-- TASK INPUTS follows --

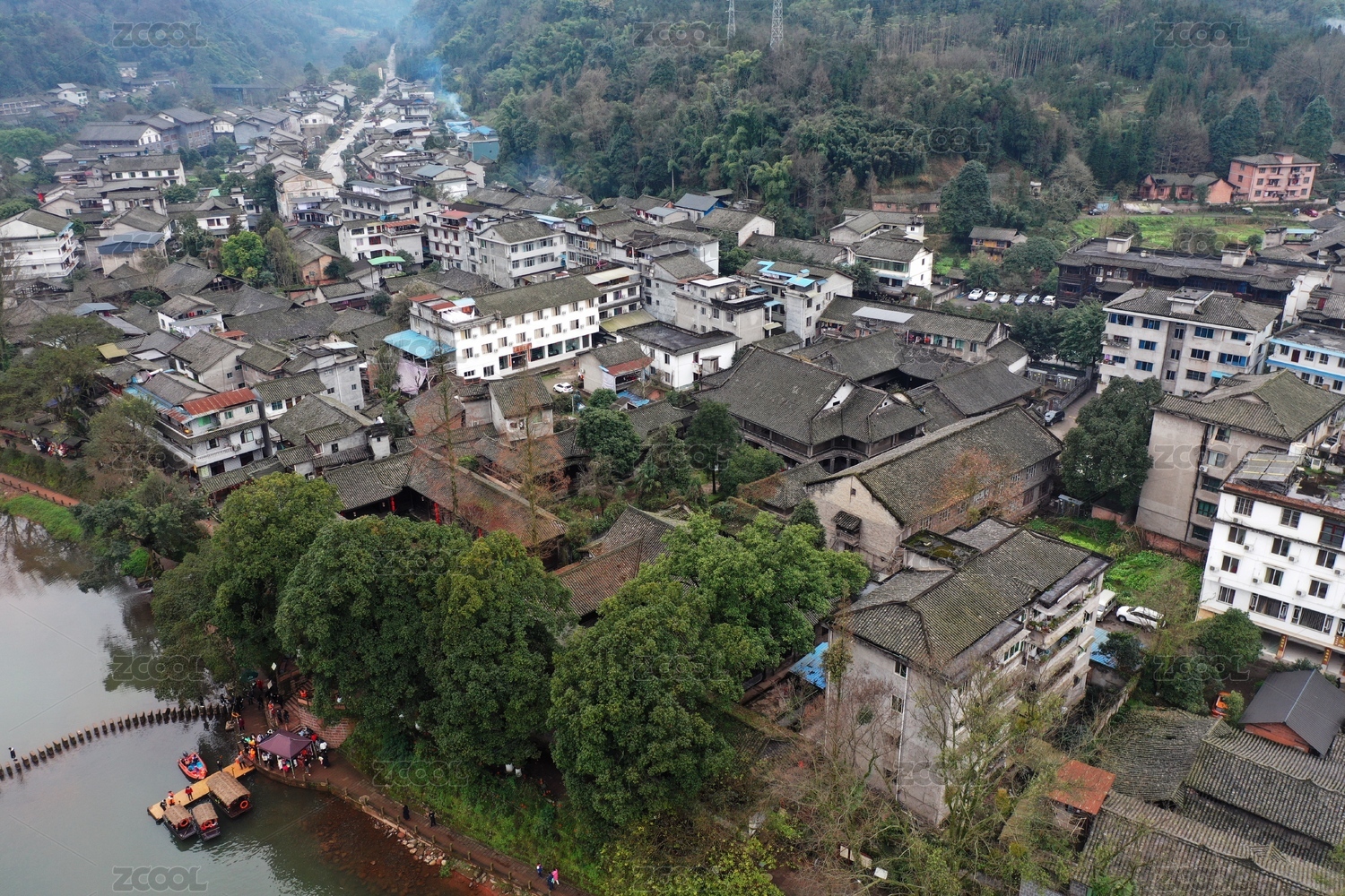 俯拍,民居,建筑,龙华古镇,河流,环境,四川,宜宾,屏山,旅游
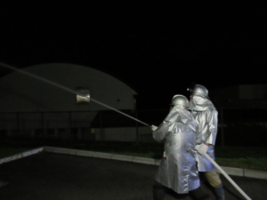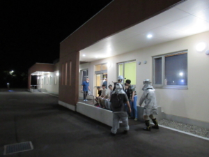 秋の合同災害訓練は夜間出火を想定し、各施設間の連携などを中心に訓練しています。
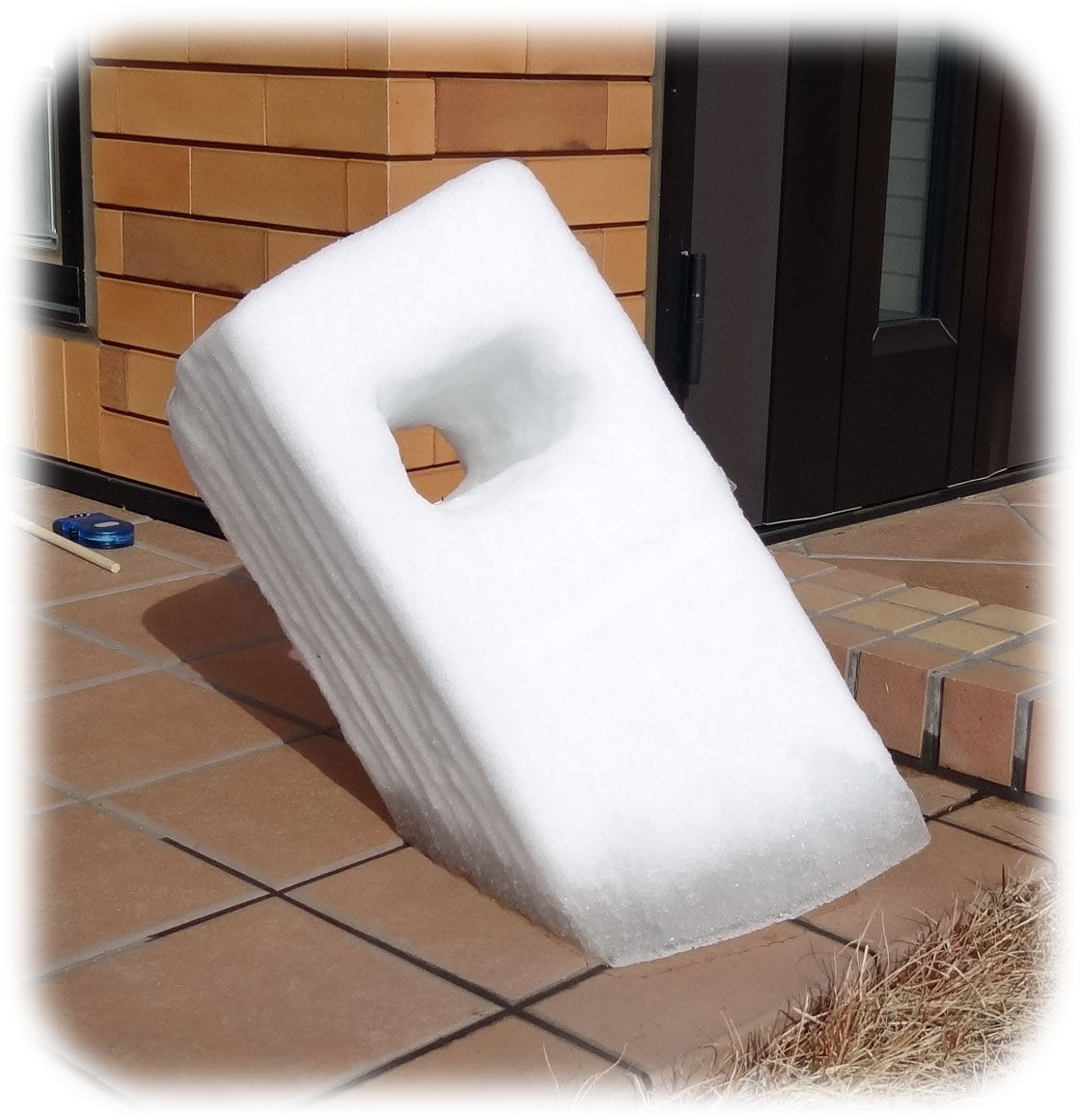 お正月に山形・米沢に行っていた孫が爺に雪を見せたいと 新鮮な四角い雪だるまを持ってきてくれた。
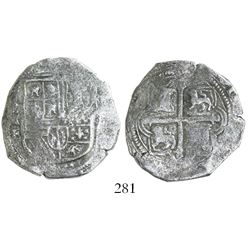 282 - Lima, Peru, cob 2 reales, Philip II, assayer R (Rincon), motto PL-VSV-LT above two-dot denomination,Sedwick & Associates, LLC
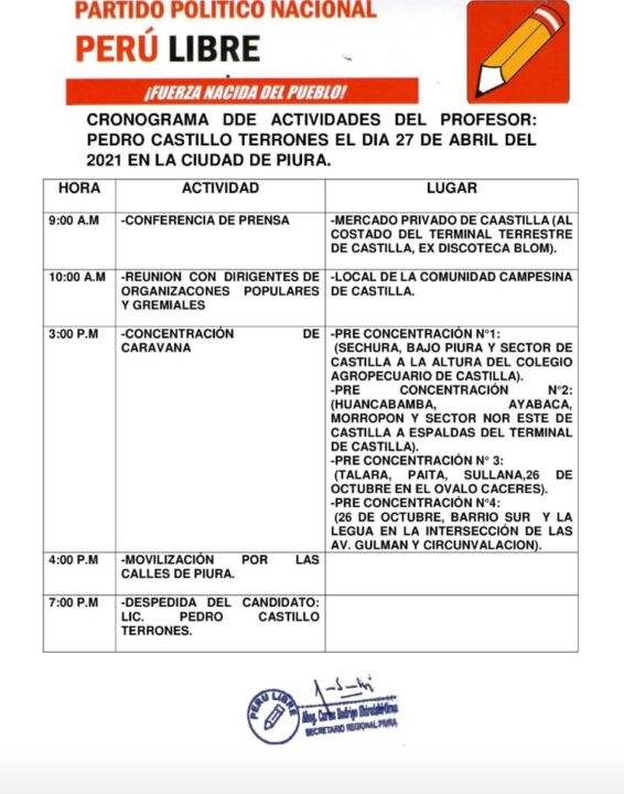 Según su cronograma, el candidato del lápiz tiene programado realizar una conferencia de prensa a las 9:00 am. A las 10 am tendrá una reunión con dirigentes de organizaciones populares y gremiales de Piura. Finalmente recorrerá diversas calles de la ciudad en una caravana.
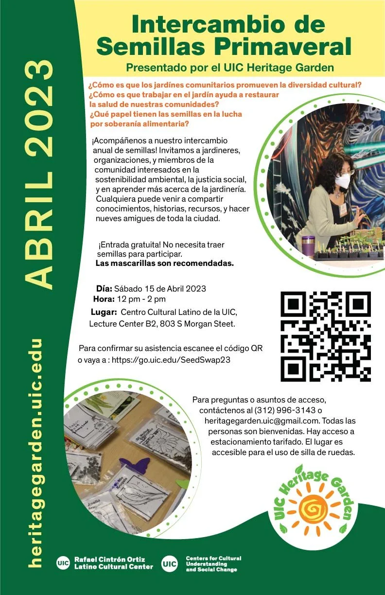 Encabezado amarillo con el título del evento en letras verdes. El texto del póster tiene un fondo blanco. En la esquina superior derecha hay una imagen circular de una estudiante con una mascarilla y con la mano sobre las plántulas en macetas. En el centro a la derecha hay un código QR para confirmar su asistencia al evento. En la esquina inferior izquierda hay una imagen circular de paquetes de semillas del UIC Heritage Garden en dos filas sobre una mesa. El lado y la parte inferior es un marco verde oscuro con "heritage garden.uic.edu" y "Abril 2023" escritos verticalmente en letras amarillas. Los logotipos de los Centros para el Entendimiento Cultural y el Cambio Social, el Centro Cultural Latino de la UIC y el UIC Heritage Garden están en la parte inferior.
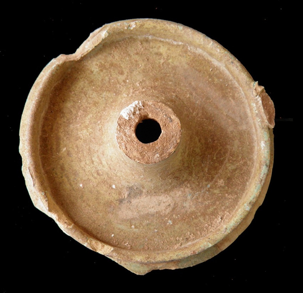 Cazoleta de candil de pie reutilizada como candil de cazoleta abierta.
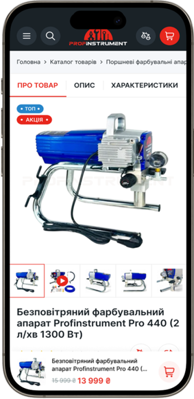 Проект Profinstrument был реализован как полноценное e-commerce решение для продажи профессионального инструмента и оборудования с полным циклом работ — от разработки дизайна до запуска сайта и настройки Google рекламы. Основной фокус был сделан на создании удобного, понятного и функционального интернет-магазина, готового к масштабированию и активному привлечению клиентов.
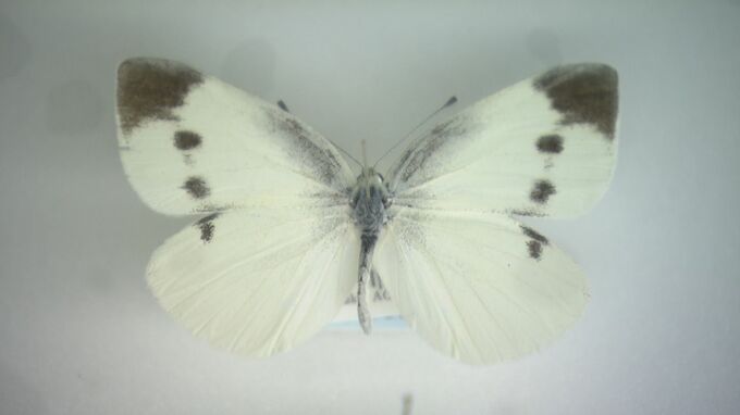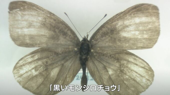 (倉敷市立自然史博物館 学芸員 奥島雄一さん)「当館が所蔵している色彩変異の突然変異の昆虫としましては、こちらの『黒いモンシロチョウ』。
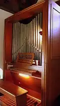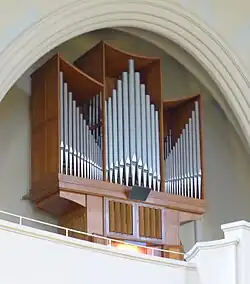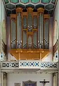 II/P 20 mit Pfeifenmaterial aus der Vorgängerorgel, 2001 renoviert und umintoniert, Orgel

-- TASK INPUTS concluded --

WORK INSTRUCTIONS ->
With all pictures omitted, return exactly the lines from the one containing "Проект Profinstrument был" through the end of the entries above.

ANSWER TO THE PROBLEM ->
 Проект Profinstrument был реализован как полноценное e-commerce решение для продажи профессионального инструмента и оборудования с полным циклом работ — от разработки дизайна до запуска сайта и настройки Google рекламы. Основной фокус был сделан на создании удобного, понятного и функционального интернет-магазина, готового к масштабированию и активному привлечению клиентов.
 (倉敷市立自然史博物館 学芸員 奥島雄一さん)「当館が所蔵している色彩変異の突然変異の昆虫としましては、こちらの『黒いモンシロチョウ』。
 II/P 20 mit Pfeifenmaterial aus der Vorgängerorgel, 2001 renoviert und umintoniert, Orgel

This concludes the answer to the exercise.